Bild folgtKI-generierte IllustrationPlanera ungeri
Auch bekannt als: Planera ungeri
An ihren asymmetrischen, fein gezahnten Blättern, die stark an eine Ulme erinnern, lässt sich Planera ungeri sofort erkennen. Da es sich um ein spezialisiertes Element unserer Flora handelt, leistest du mit ihrer Pflanzung einen echten Beitrag zum Erhalt regionaler Vielfalt. Auch wenn für diese Art keine spezifischen Insektendaten vorliegen, bietet sie als Gehölz wertvollen Strukturraum in deinem Naturgarten. Wenn du eine Vorliebe für das Besondere hast, ist diese Pflanze genau das Richtige für dich.

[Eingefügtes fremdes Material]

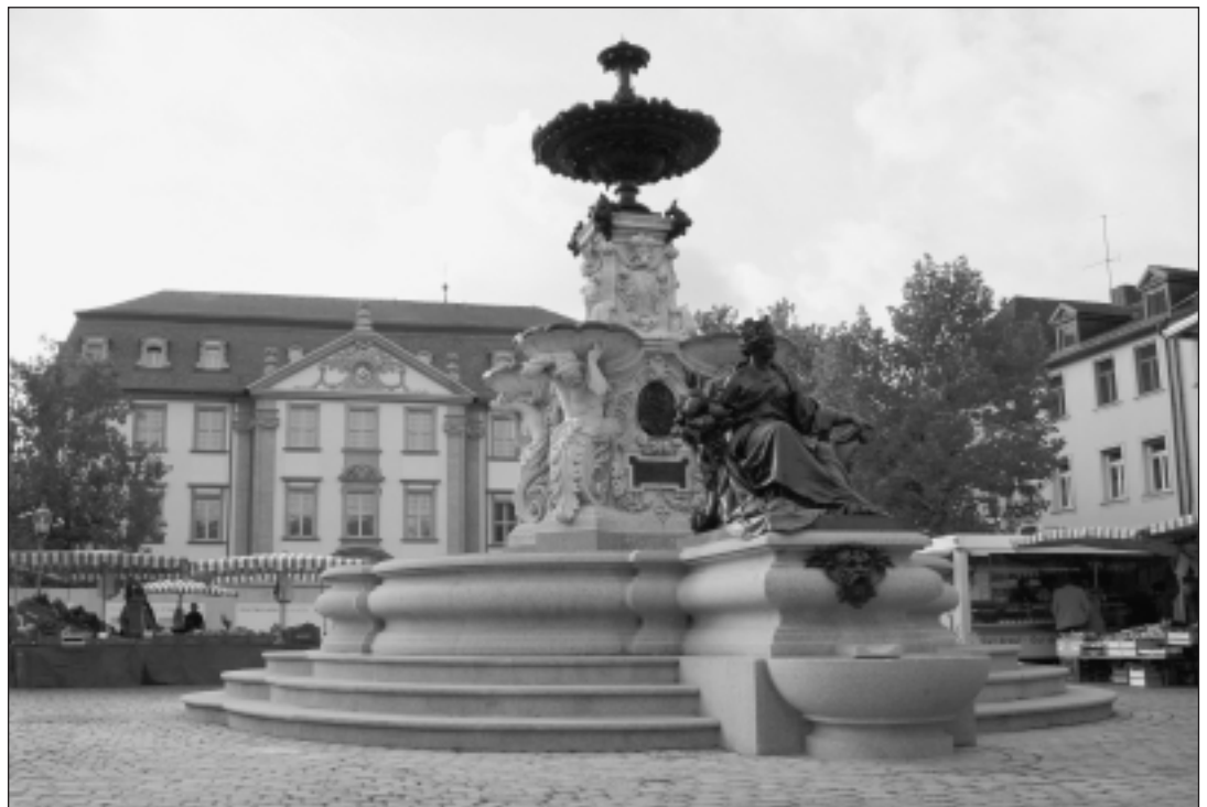
Zwei wie neu glänzende „Perlen“ auf dem Marktplatz: Paulibrunnen und Palais Stutterheim gegenüber dem Schloss

Wir erinnern uns auch der nur kurze Zeit nach ihrem Ausschei-

Botanische Rarität aus Österreich für Sammler und Naturliebhaber.
Als in Österreich heimische Art trägt Planera ungeri zur Stärkung der regionalen Identität deines Gartens bei. Da für diese spezifische Art derzeit keine detaillierten Bestäubungsdaten in unserer Datenbank vorliegen, steht ihre Rolle als strukturbildendes Element im Vordergrund. Heimische Gehölze bieten grundsätzlich wichtige Versteckmöglichkeiten für die lokale Fauna. Durch die Wahl einer regionaltypischen Art förderst du die genetische Vielfalt deiner Umgebung. Sie fungiert als Trittsteinbiotop (vernetzender Lebensraum) innerhalb der Siedlungsstruktur.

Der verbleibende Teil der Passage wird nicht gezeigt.